The rest is sad and terrible history. Germany fell to a conglomerate of French native and colonial forces, the British Commonwealth led by Australian shock troops, remnant Belgians, and hordes of Americans in giant divisions. 

At Versailles in 1919, Germany was punished severely, arguably leading to the rise of the Nazi Party. Austria-Hungary was broken up on the basis of nationalism. Russia descended into the dark night of Bolshevik barbarism.  The Yugoslav state so devoutly wished for by Princip (who died in prison) proved a bad idea and fell apart soon after the demise of the USSR. 

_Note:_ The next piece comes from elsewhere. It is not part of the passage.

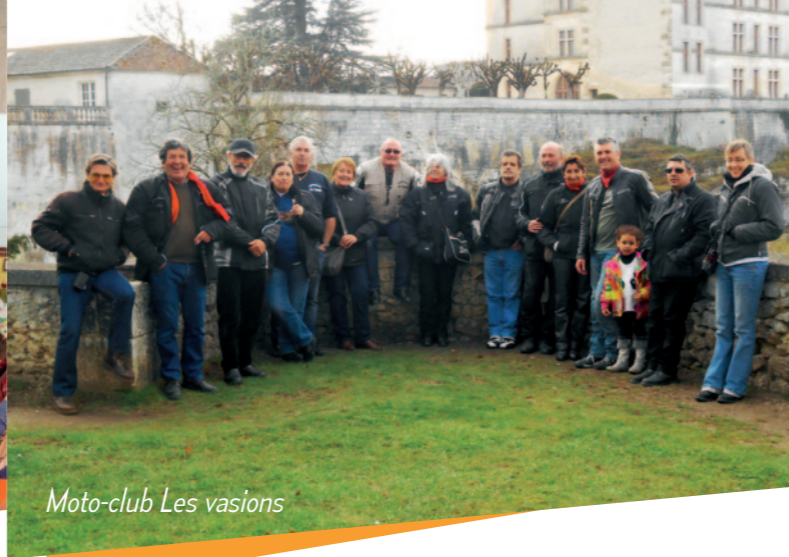
Moto-club Les vasions

Another, even more terrible European world war followed in 1939, spreading globally. Then the long, costly Cold War, 1947-91, and hot wars within it. Then a new series of Balkan Wars late in the 20thcentury. Then yet more war in no small part caused by France and Britain's divvying up the Ottoman Empire with little regard to natural geographical, linguistic, ethnic and religious boundaries. Just the opposite of what befell Austria-Hungary's constituent states. 

The world had a shot at being a better place in the 20th and 21st centuries had America stood in bed in 1917, and not gone Over There.  But U.S. financiers had enormous stakes in protecting loans to the Allies.  The War to End all Wars probably wouldn't have done so in any case, but our involvement may have guaranteed seemingly endless war since 11/11/18.